Focusing on Figure 1, the model grouping any type of prostate cancer to controls shows the most evidence of a polygenic model (p < 0.01). The p-values generally become smaller, and the heritability larger, as more SNPs are introduced into the model. This effect is maintained, although slightly less so, in the models not including the most statistically significant SNPs (i.e., from the training set). Aside: note that values plotted are the means from the 10 resampling iterations. These results suggest that in addition to the strongly associated SNPs, other SNPs that would be deemed “less significant” are also contributing to the polygenic model. That said, the variance explained by the model (Nagelkerke, 1991) is quite low (1%). When looking at the two prostate cancer subphenotypes, aggressive and nonaggressive, there is also the suggestion of a polygenic model (Fig. 1). These might be weaker than that observed for the overall prostate cancer group simply due to the smaller sample sizes. Breast cancer alone does not show much evidence for a polygenic model (Fig. 1).
Figure 2 gives results from our evaluation of a shared polygenic component in prostate and breast cancer. We see essentially no evidence of a shared polygenic component between prostate cancer and breast cancer, and even less support for a shared component between aggressive prostate cancer and breast cancer. There is suggestive evidence that there may exist a shared genetic component between nonaggressive prostate cancer and breast cancer (p < 0.01). We see a similar pattern here as above in Figure 1: smaller p-values and higher heritability when more SNPs are introduced into the model, and less so in the polygenic model that excludes the most significant SNPs (Fig. 2). As before, however, the heritability explained by this model is quite low.

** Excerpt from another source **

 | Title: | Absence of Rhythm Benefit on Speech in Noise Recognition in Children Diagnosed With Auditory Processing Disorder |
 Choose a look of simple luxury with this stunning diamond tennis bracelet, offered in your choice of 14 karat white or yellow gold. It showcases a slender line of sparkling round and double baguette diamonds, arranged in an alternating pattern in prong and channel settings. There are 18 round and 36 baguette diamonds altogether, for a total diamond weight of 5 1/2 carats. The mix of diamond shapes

Finally, the number of SNPs contributing to the weighted score in the polygenic models [Eq. (2)] increased linearly with the expansion of p-value ranges for inclusion in the model. Of the 550K SNPs originally measured by the GWAS, the number incorporated into the models when p < 0.01, 0.05, 0.1, 0.2, 0.3, 0.4, and 0.5 was approximately 2.4K, 11.5K, 23K, 45K, 68K, 90K, and 112K, respectively. When restricting the p-value range to [0.05, 0.2] or [0.05, 0.5], the number of SNPs included in the polygenic models was about 34K or 100K, respectively.
Discussion
We found that applying a polygenic model to an increasing number of SNPs from one GWAS to another—within and across prostate and breast cancer—seemed to explain an increasing proportion of heritability, but this was quite low. Nevertheless, there is a growing appreciation that such common complex diseases may arise from a large number of genetic and environmental risk factors (Purcell et al., 2009; Yang et al., 2010). Applying polygenic models to genome-wide data can help explain a larger proportion of the heritability than simply focusing on the handful of most statistically significant results.

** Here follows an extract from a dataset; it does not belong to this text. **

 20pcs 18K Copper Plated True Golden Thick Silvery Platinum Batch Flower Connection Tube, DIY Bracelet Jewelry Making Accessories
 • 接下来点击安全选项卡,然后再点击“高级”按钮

The strongest common polygenic model resulted from applying the breast cancer log odds ratios as weights to the non-aggressive prostate cancer genotypes. A slightly weaker shared model was observed when reversing this, and applying the nonaggressive prostate cancer log odds ratios to the breast cancer genotypes. The differences here may reflect the larger sample size in the breast cancer GWAS, which would allow for more accurate estimation of the log odds ratios. These cancers have biological similarities and common factors that may control hormone-dependent and -independent tumor development; in particular, there exist similarities in the key hormone signaling pathways (e.g., steroid biosynthesis) across these cancers (Risbridger et al., 2010). Why there is only a relationship between nonaggressive prostate cancer and breast cancer remains unclear. One possibility is that there exists a similar hormonal mechanism underlying the development of these cancers, but a distinct mechanism for disease progression. Another is that the CGEMs nonaggressive prostate and breast and cancer samples might be more similar because the latter were not selected based on phenotypic characteristics.

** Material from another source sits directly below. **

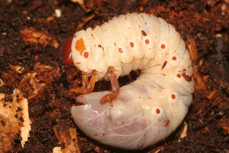 Oryctes (Oryctes) nasicornis grypus (Illiger, 1803) - Dynastidae - larva, maschio e femmina

Our findings were only slightly weakened when we removed the most statistically significant associations from the model, restricting the p-value range to [0.01, 0.2] or [0.05, 0.2]. This suggests that the results are not entirely driven by the strongest associations, and that variants initially deemed “nonsignificant” in the GWAS of prostate and breast cancer may still help explain some of the heritability of these diseases. Moreover, the results were little changed when using different linkage disequilibrium filters to remove variants that are correlated and thus may reflect the same association with disease. In particular, when using a more conservative LD filter of r2 < 0.25, more SNPs were removed from consideration leading to slightly weaker results. And when there was no LD filter the findings were stronger than reported here. Note that SNPs that exhibit even lower LD (e.g., r2 < 0.1) with a limited number of causal variants could explain some of the findings observed here; further work will explore this possibility.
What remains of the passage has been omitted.